* TASK TO CARRY OUT: Omit all pictures. Quote the lines from the one with "活动现场还进行了第三届云南省" through the end of the listing below, exactly as they appear.

-- DATASET EXCERPT follows --

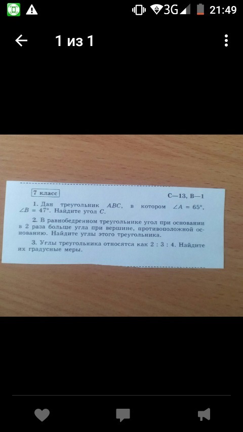 1. угол С = 180 - 65 -47= 68
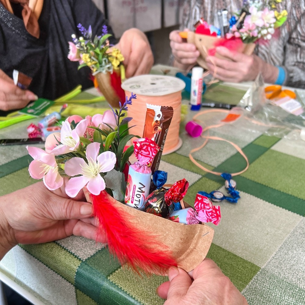 Волонтёры решили поздравить наших творческих бабушек, дедушек и не просто подарить подарки, а оформить их вместе, своими руками.
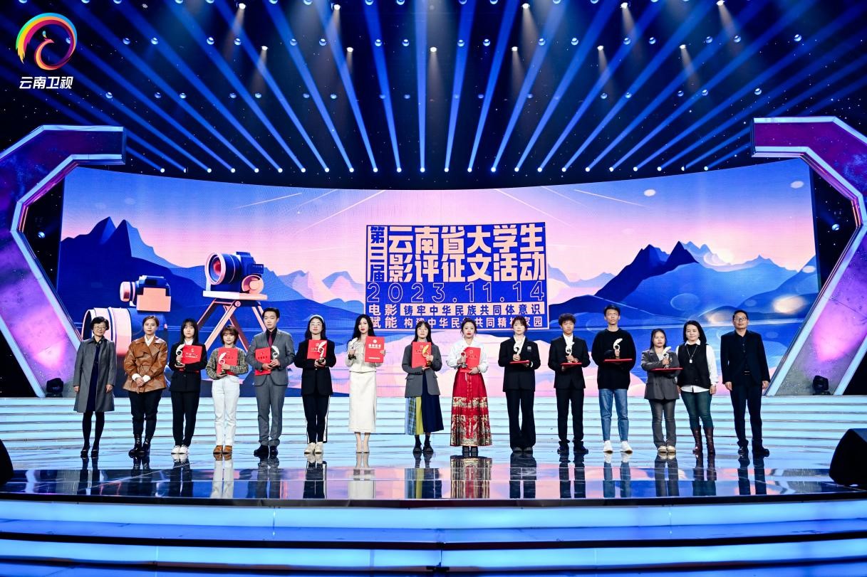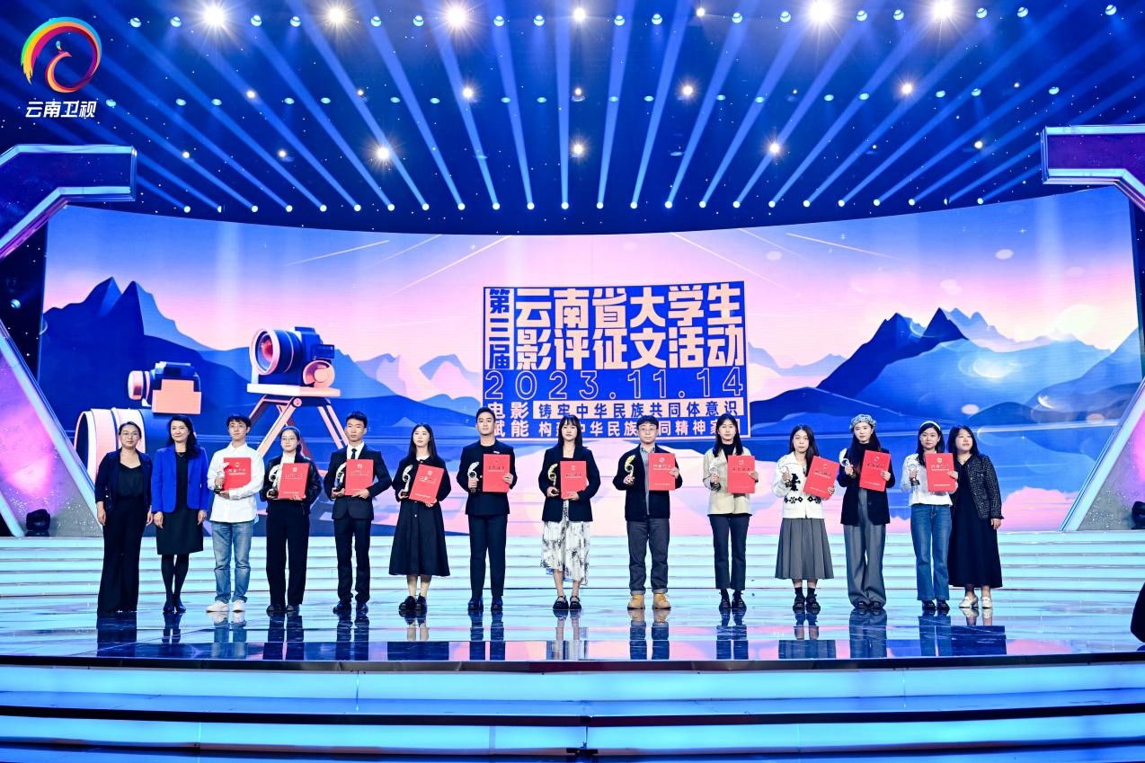 活动现场还进行了第三届云南省大学生影评征文颁奖。本次征文活动收到了85所院校投递的870篇作品,经评审委员会专家评审,fun88官网传媒学院陈嘉雯、邱青青、周晓婷、王雨鑫4名同学获得本科生组优秀作品奖,张齐、谭辉、李淼3位老师获得优秀教师奖。
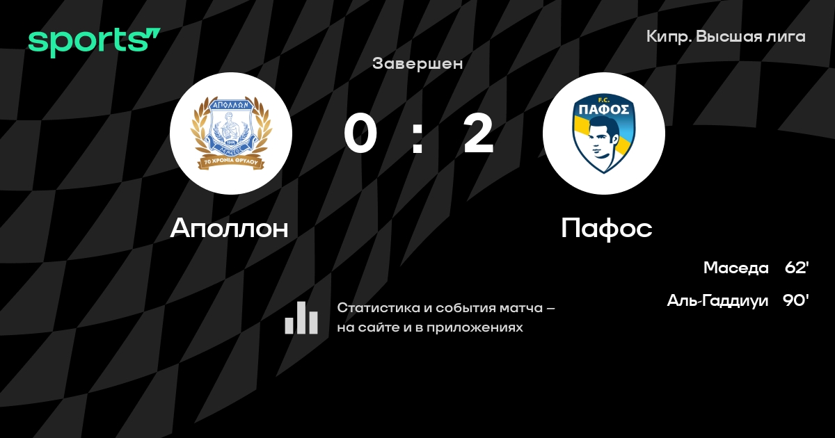 Аполлон – Пафос: Аполлон не пропускает в 3 последних матчах против этого соперника

-- DATASET EXCERPT concluded --

* REPLY:
 活动现场还进行了第三届云南省大学生影评征文颁奖。本次征文活动收到了85所院校投递的870篇作品,经评审委员会专家评审,fun88官网传媒学院陈嘉雯、邱青青、周晓婷、王雨鑫4名同学获得本科生组优秀作品奖,张齐、谭辉、李淼3位老师获得优秀教师奖。
 Аполлон – Пафос: Аполлон не пропускает в 3 последних матчах против этого соперника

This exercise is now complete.